**WORK TO BE COMPLETED:**
The records below must be reproduced exactly, excluding any pictures.

[Extracted data entries]
§ §

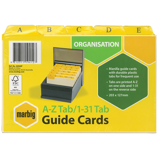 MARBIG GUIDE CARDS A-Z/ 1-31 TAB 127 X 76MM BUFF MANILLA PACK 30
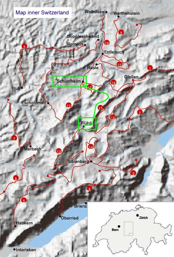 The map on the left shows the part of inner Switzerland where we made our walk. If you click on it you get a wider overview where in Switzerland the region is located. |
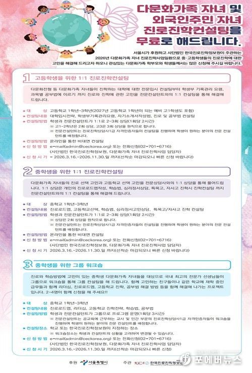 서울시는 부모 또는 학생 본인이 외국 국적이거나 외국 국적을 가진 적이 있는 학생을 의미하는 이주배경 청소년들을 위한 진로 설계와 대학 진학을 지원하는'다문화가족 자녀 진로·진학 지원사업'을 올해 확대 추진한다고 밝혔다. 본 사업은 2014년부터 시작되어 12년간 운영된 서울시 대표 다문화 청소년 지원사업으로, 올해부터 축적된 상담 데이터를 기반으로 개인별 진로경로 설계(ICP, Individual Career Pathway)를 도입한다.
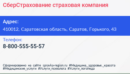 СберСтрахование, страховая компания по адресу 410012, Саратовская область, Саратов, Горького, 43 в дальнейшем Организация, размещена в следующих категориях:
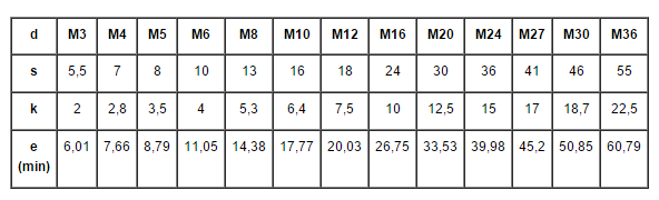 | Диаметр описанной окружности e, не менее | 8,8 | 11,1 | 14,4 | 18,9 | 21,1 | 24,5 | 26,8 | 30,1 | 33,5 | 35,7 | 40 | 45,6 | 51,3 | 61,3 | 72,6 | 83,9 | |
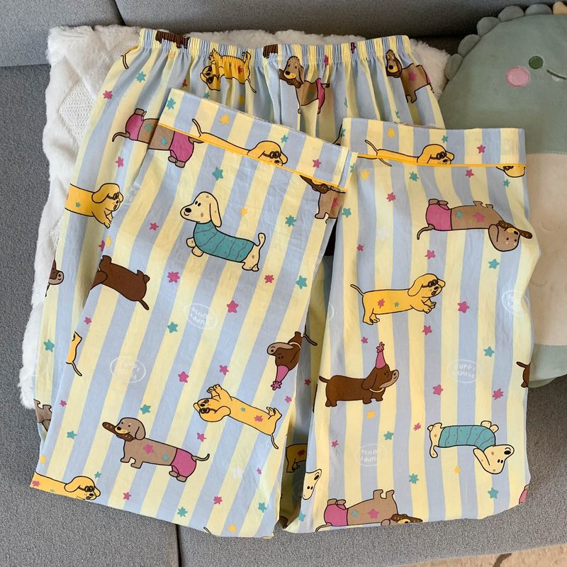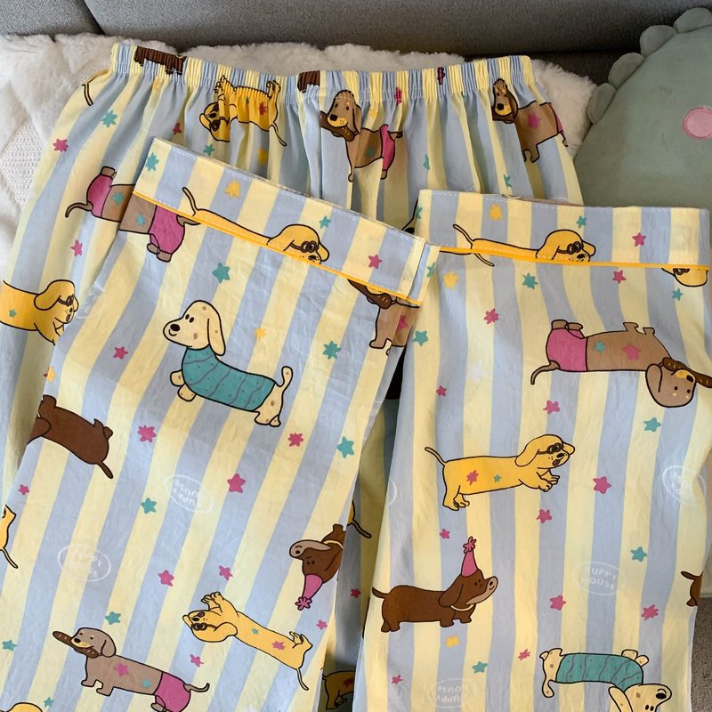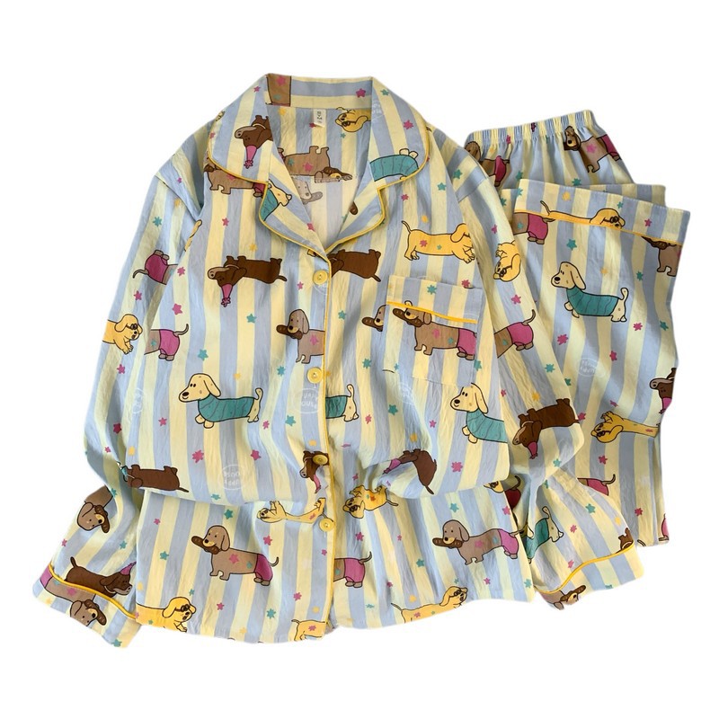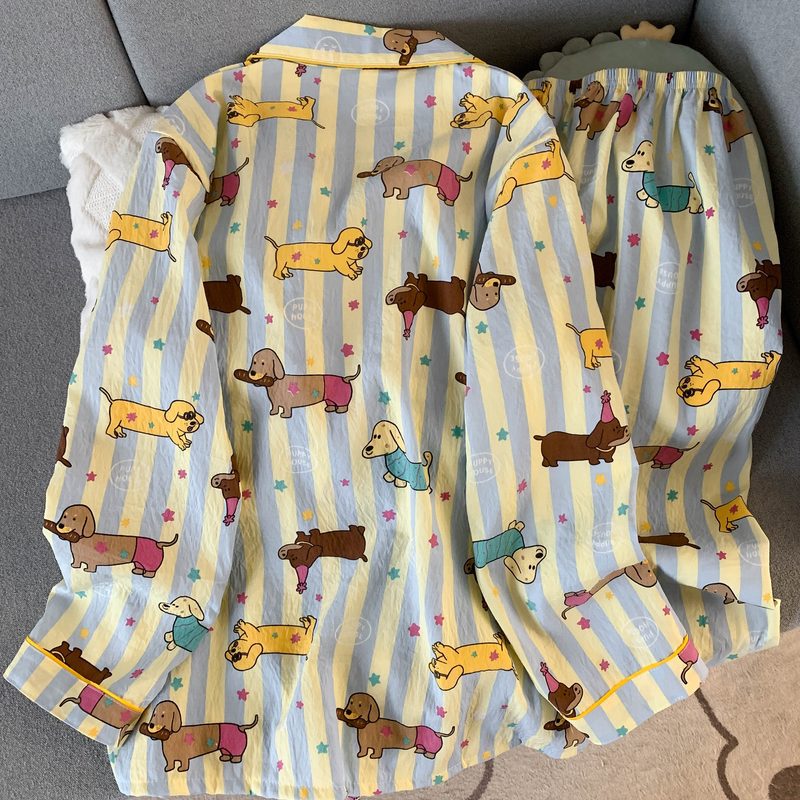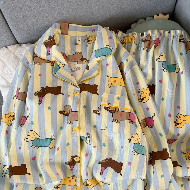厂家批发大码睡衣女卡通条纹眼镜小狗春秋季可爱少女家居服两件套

§ §

**EXPECTED ANSWER:**
 MARBIG GUIDE CARDS A-Z/ 1-31 TAB 127 X 76MM BUFF MANILLA PACK 30
 The map on the left shows the part of inner Switzerland where we made our walk. If you click on it you get a wider overview where in Switzerland the region is located. |
 서울시는 부모 또는 학생 본인이 외국 국적이거나 외국 국적을 가진 적이 있는 학생을 의미하는 이주배경 청소년들을 위한 진로 설계와 대학 진학을 지원하는'다문화가족 자녀 진로·진학 지원사업'을 올해 확대 추진한다고 밝혔다. 본 사업은 2014년부터 시작되어 12년간 운영된 서울시 대표 다문화 청소년 지원사업으로, 올해부터 축적된 상담 데이터를 기반으로 개인별 진로경로 설계(ICP, Individual Career Pathway)를 도입한다.
 СберСтрахование, страховая компания по адресу 410012, Саратовская область, Саратов, Горького, 43 в дальнейшем Организация, размещена в следующих категориях:
 | Диаметр описанной окружности e, не менее | 8,8 | 11,1 | 14,4 | 18,9 | 21,1 | 24,5 | 26,8 | 30,1 | 33,5 | 35,7 | 40 | 45,6 | 51,3 | 61,3 | 72,6 | 83,9 | |
厂家批发大码睡衣女卡通条纹眼镜小狗春秋季可爱少女家居服两件套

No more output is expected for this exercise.